Ce qu'il y a de plus terrifiant au monde, ce n'est pas la mort, mais l'absence d'espoir.

On utilise souvent le mot «

désespoir

» pour décrire l'état d'esprit des personnes confrontées à une situation désespérée et ayant perdu tout espoir. En effet, lorsqu'on est désespéré, le premier réflexe est souvent de recourir à la mort pour échapper à la douleur et à l'impuissance. Cependant, si une personne désespérée sait que la mort ne peut soulager complètement sa souffrance, et que celle-ci est quasi infinie, son esprit s'effondre… et même le courage d'affronter la mort disparaît.

En particulier, ceux qui sont vicieux et impitoyables et qui ne se soucient plus de la mort en seront terrifiés.

Par conséquent, Hao Peng s'effondrerait, se sentirait perdu et tenterait désespérément de saisir la moindre opportunité susceptible de lui apporter une lueur d'espoir.

Pour parvenir à un tel résultat, personne d'autre au monde n'est capable de le faire, à l'exception de Xu Zhengyang.

Bien sûr, dans les heures précédant l'aube ce jour-là, Zhu Fenjin et Ma Liang subirent tous deux un supplice psychologique brutal similaire à celui infligé à Hao Peng. Cependant, contrairement à ce dernier, ils ne furent pas soumis à une punition excessive par gifles, car les mains de Xu Zhengyang étaient déjà enflées et douloureuses

; il n'allait pas commettre l'imprudence de s'infliger de lourdes pertes alors qu'il maîtrisait parfaitement la situation.

Oui, il est toujours nécessaire de faire quelques petites choses, comme donner quelques coups de pied à quelqu'un ou avoir un contact intime avec son visage avec son genou.
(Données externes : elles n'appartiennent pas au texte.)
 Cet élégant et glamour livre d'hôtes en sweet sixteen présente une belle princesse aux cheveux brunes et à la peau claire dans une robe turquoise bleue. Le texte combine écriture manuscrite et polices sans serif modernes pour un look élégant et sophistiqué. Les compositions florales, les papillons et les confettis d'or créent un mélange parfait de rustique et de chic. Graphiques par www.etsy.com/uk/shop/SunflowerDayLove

Bien que les fantômes de Cheng Jinchang et de Cui Yao soient apparus devant chacun des trois individus, Xu Zhengyang les a fermement empêchés de communiquer avec eux.

La raison est simple

: il est déjà suffisamment étrange que le suspect ait été terrorisé dans la salle d’interrogatoire

; le forcer ensuite à parler dans le vide, à s’excuser, à se prosterner et à avouer serait trop choquant. Après tout, il y a toujours des policiers à l’extérieur de la salle d’interrogatoire lorsque ce genre de choses se produit.

Xu Zhengyang n'avait pas à s'inquiéter de ce qui allait se passer ensuite.

Au lever du jour, il fit ses adieux à Zhong Shan, s'éloigna du bureau de la sécurité publique du comté à moto et rentra chez lui.

À ce stade, certains d'entre vous se demandent peut-être pourquoi Xu Zhengyang n'a pas cherché à avoir une conversation plus approfondie avec Tian Qing et Xing Yufen. En réalité, Xu Zhengyang avait d'autres projets. Il pensait retourner sur place, étudier la question attentivement, y réfléchir, consulter des ouvrages, trouver des informations pertinentes, puis s'entretenir avec le magistrat du comté avant de prendre toute autre décision.

De toute façon, il n'y a pas d'urgence. Tian Qing et Xing Yufen ne seront certainement pas libérés de sitôt, et d'ailleurs, ils pourraient ne pas supporter la torture et avouer spontanément. Ou bien la police pourrait trouver d'autres preuves solides et les arrêter, auquel cas Xu Zhengyang n'aurait plus besoin de s'en préoccuper. Si, finalement, Tian Qing et Xing Yufen sont relâchés sans inculpation, comme Zhong Shan le craignait, alors peut-être Xu Zhengyang se dira-t-il que tout malheur a son bon côté.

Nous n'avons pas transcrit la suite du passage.